Management
In patients with PADs, IgRT forms the mainstay of therapy for many patients (10,11) (Figure 2). The decision to commence IgRT is clearer in well-defined PADs with a significant infection burden and supportive laboratory findings - hypogammaglobulinaemia with impaired response to vaccination. The decision is more complex if these findings are not all present such as hypogammaglobulinaemia with preserved vaccine responses or specific antibody deficiency.

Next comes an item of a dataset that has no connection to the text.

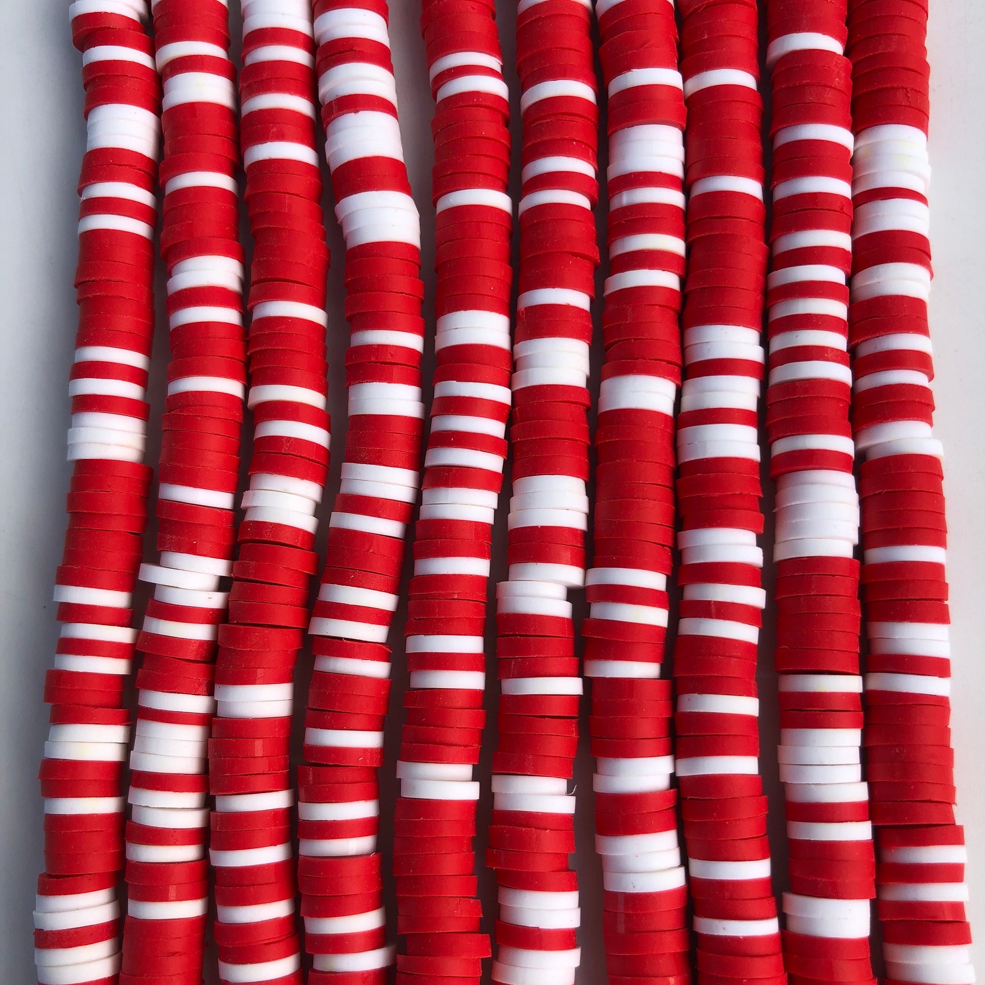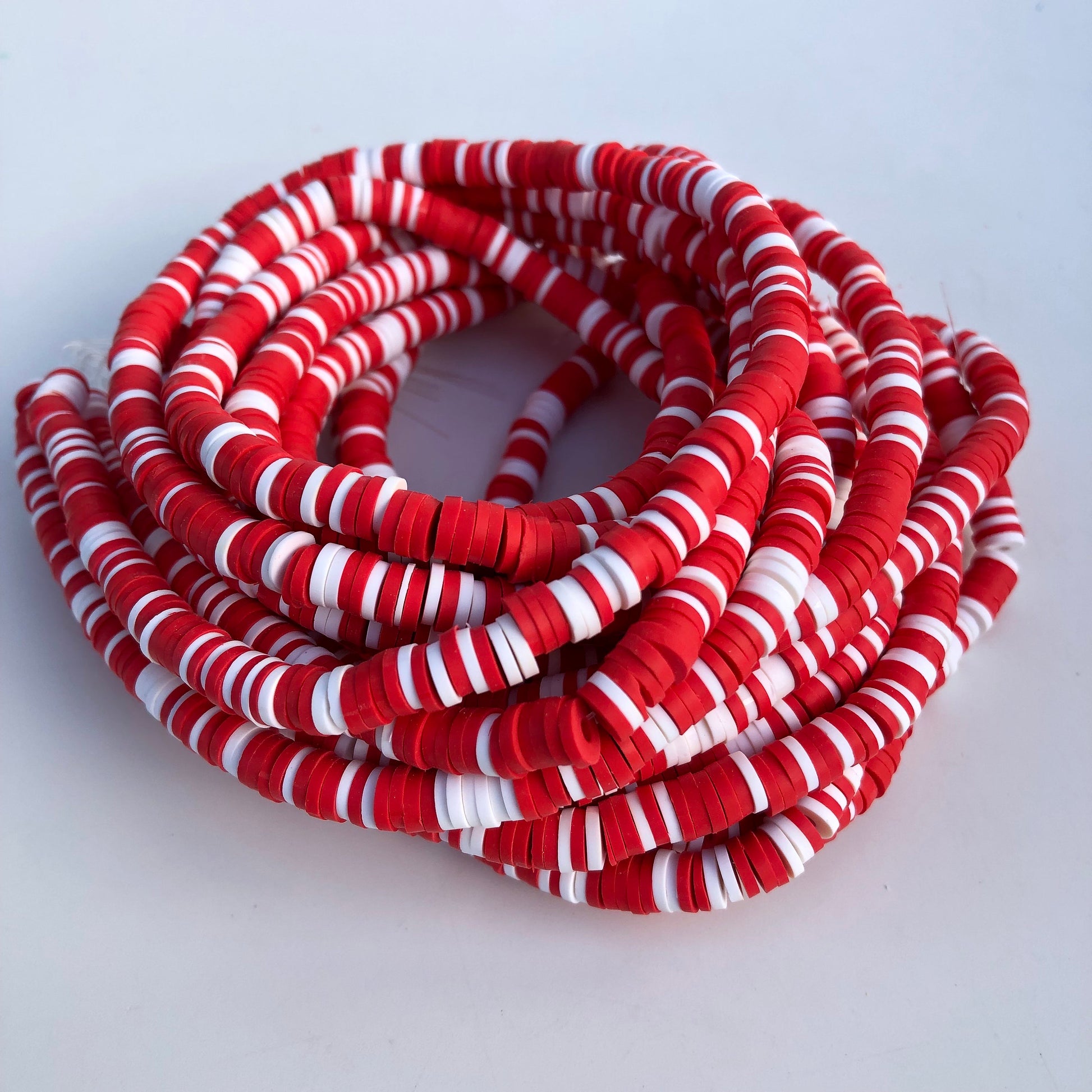 Polymer Clay Beads 6mm Red Round Donut Disc Bead White Jewellery Making Beads 40cm Strand Bead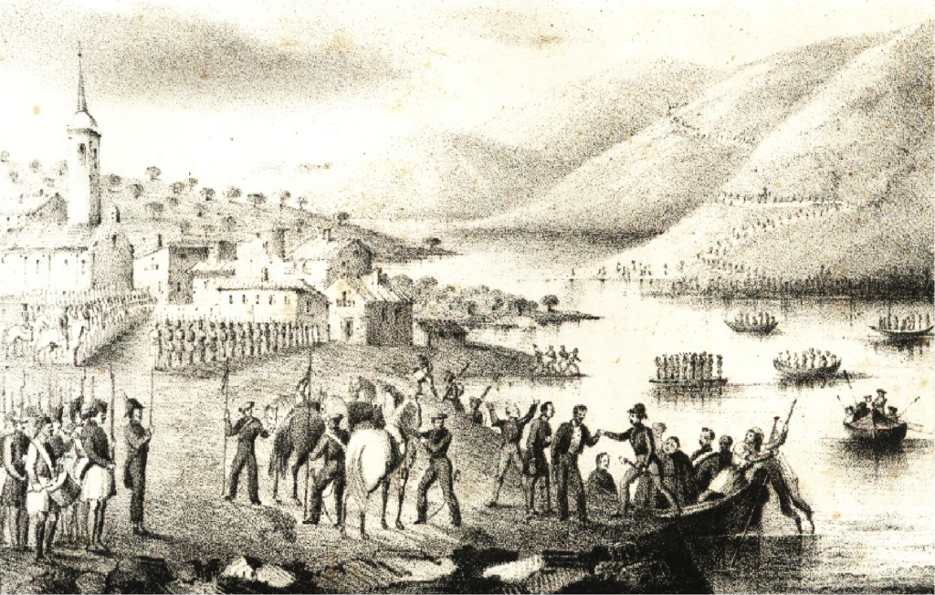 Por él pasó a la orilla izquierda el ejército expedicionario durante los días 16 y 17 de mayo, poniéndose ya entonces de manifiesto la carencia de organización que había de caracterizar a la expedición. No se habían provisto de barcazas suficientemente robustas para soportar el peso de la artillería, por lo que esta tuvo que quedarse en la orilla derecha, partiendo la tropa sin ella en dirección a Aragón.

IgRT may be administered either intravenously, subcutaneously or as a facilitated subcutaneous infusion using hyaluronidase and the decisions regarding route and frequency of administration and site of administration (home or hospital) are individual and are made jointly with the patient and medical team (12). In general, IgRT is commenced based on weight at 0.4 – 0.6g/kg/month of IgG and is the adjusted on clinical (such as infection burden, bronchiectasis, type of PAD and other complications) and laboratory grounds including trough IgG level aiming for >7glL (though this may vary between centres and countries) (13,14). In a number of circumstances antibiotic prophylaxis may be used, such as potentially milder immunodeficiencies with a less severe infection burden (IgG subclass deficiency or combined IgA deficiency with IgG subclass deficiency), or in addition to IgRT in patients with a persistently increased infection burden despite optimally individualised IgG trough levels and in those with existing end-organ damage such as bronchiectasis or chronic sinusitis or in those colonised with Pseudomonas aeruginosa or Stenotrophomonas maltophilia . Antibiotic regimens will vary according to the setting, organism and sensitivities, but in PAD patients with frequent respiratory tract infections on IgRT who may also have bronchiectasis azithromycin at 250-500mg three days/wk has been shown to decrease infective exacerbations. In patients with concomitant T cell or neutrophil impairment (CID, SCID, HIGM), septrin (cotrimoxazole) may be considered (10,15). PAD patients require regular follow up both to monitor therapy and for early detection and management of complications (4,5,16,17). Laboratory and radiological monitoring are indvidualised but baseline testing includes full blood count, renal and liver function and CRP 2-4 times per year (with LDH, β2 microglobulin as indicated), lymphocyte subsets 1-2 times per year, abdomen ultrasonography, neck ultrasonography if lymphadenopathy is investigated, chest X-ray and lung function tests once a year, chest CT every 3-5 years or sooner if indicated and screening endoscopies every 1-2 years in some centres (18).
Diagnosis and management are in PAD improving with better immunologic and molecular characterisation, more options for IgRT, personalised pathway-specific therapies for some PADs and greater knowledge of the role of HSCT and gene therapy/editing for the future.